Campo Grande (MS) O artigo escrito pela perita criminal Marianna Vicente de Melo com o tema: Implantação de Sistema de Gestão da Qualidade no Laboratório de DNA Forense do Mato Grosso do Sul conquistou o segundo lugar do VI Prêmio Sul-Mato-Grossense de Gestão Pública, na categoria Acadêmica. Esta categoria reúne os melhores artigos científicos sobre Gestão e Políticas Públicas em Mato Grosso do Sul. A solenidade de entrega dos prêmios será realizada na quinta-feira (16), às 16 horas, no auditório da Governadoria.

A perita do Instituto de Analises Laboratoriais Forense (Ialf) da Coordenadoria de Perícias descreve no artigo científico quais são os passos para implantar um sistema de qualidade em um laboratório. A primeira etapa é a criação de uma Comissão Permanente da Qualidade. Esta comissão deve desenvolver várias atividades para implementar o Sistema de Qualidade, de acordo com os requisitos da norma ABNT ISO/IEC 17.025. A maioria delas diz respeito à motivação, conscientização e capacitação dos funcionários. Eles devem ser capazes de lidar com as mudanças de forma dinâmica e de enxergar as oportunidades de melhoria onde antes só viam problemas, comenta.

Entre algumas estratégias para a implantação deste sistema está a sensibilização dos profissionais envolvidos com a apresentação de palestras sobre a importância da metrologia forense e da qualidade no âmbito da perícia criminal; controle dos documentos, ações corretivas e preventivas, além do mapeamento dos processos, a fim de identificar as etapas de cada atividade, da entrada do material até a saída do produto final (laudo pericial). A implantação deste sistema assegura os resultados periciais, garantindo qualidade nos seus processos. Com isso, se ganha credibilidade e reputação frente à população, comenta.

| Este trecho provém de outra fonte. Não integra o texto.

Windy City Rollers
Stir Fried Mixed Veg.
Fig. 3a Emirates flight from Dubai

A perita chama a atenção para a organização. Um dos principais fatores de fracasso na implantação da ISO/IEC 17025 em laboratórios é a falta de comprometimento da alta direção de uma organização, afirma. Este entre outros itens é sugerido pela perita para compor num manual da qualidade que descreve políticas e diretrizes para o atendimento de cada requisito da norma.

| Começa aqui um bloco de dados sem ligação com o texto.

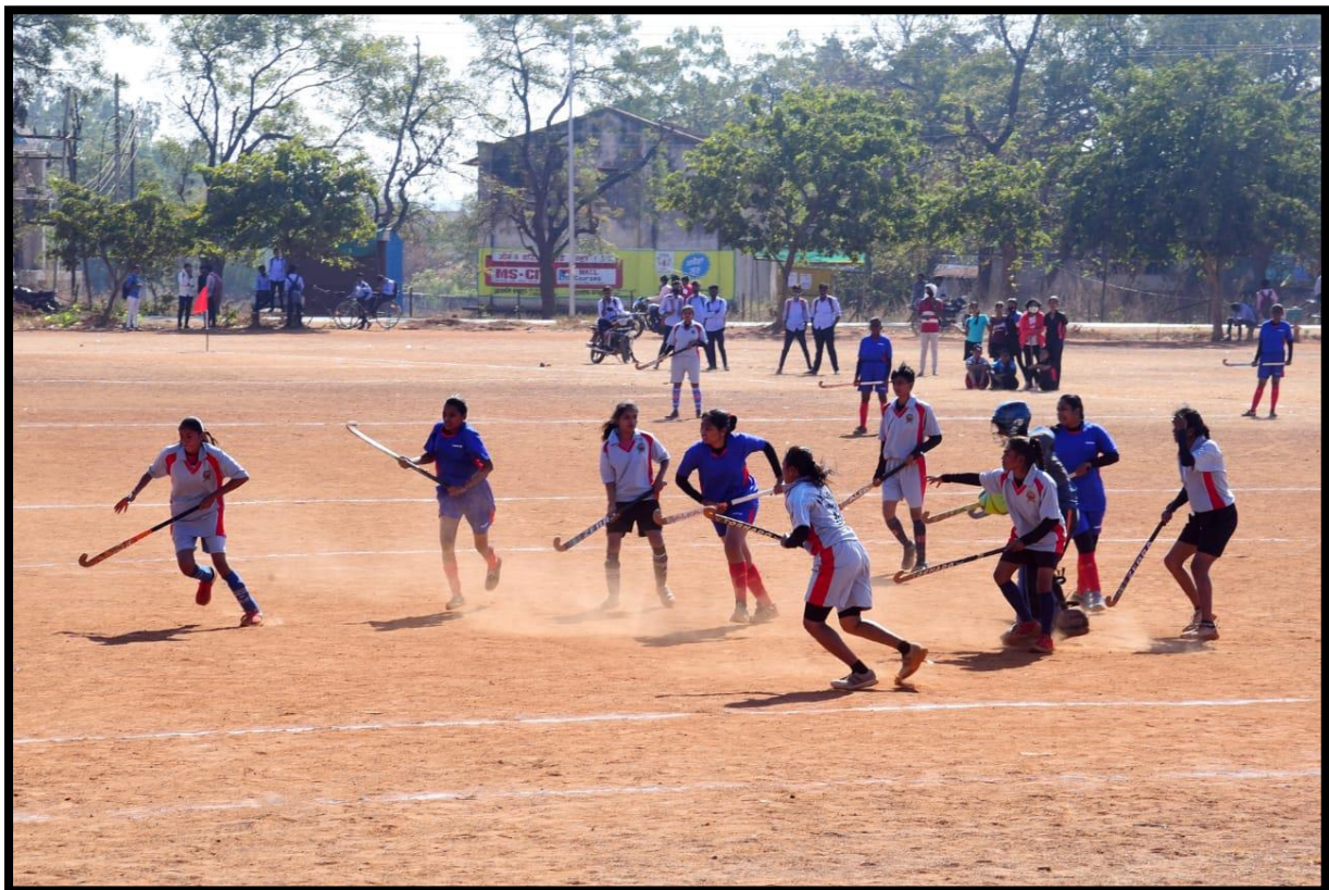
Hockey Play Ground

O artigo foi feito em prol da sociedade buscando como resultado uma maior qualificação dos procedimentos dos exames de DNA. É importante ressaltar que o serviço público tem uma pressão um pouco menor em relação aos processos de qualidade, por não enfrentar processos de concorrência com seus pares. Para que os recursos recebidos não sejam desperdiçados é necessário um trabalho eficiente, eficaz e efetivo. Para conseguir esses resultados, a Gestão de Qualidade pode fornecer uma contribuição decisiva, ressalta.

Sistema Codis

A perita diz ainda que outro ponto importante é a implantação de um banco de dados genéticos conhecido como Sistema Codis (Combined DNA Index System). A idéia é fazer com que todas as amostras de cabelo, pele, esperma, sangue de suspeitos em crimes abasteçam o banco de dados. Esse sistema de vigilância genética, na qual a Secretaria Nacional de Segurança Pública vem investindo, tem parceria com o FBI que vem treinando peritos criminais de todo País e acompanhando a implantação do sistema. O Sistema Codis não só necessita como exige que haja um processo de Qualidade Total para que seja implantado e gerenciado, finaliza.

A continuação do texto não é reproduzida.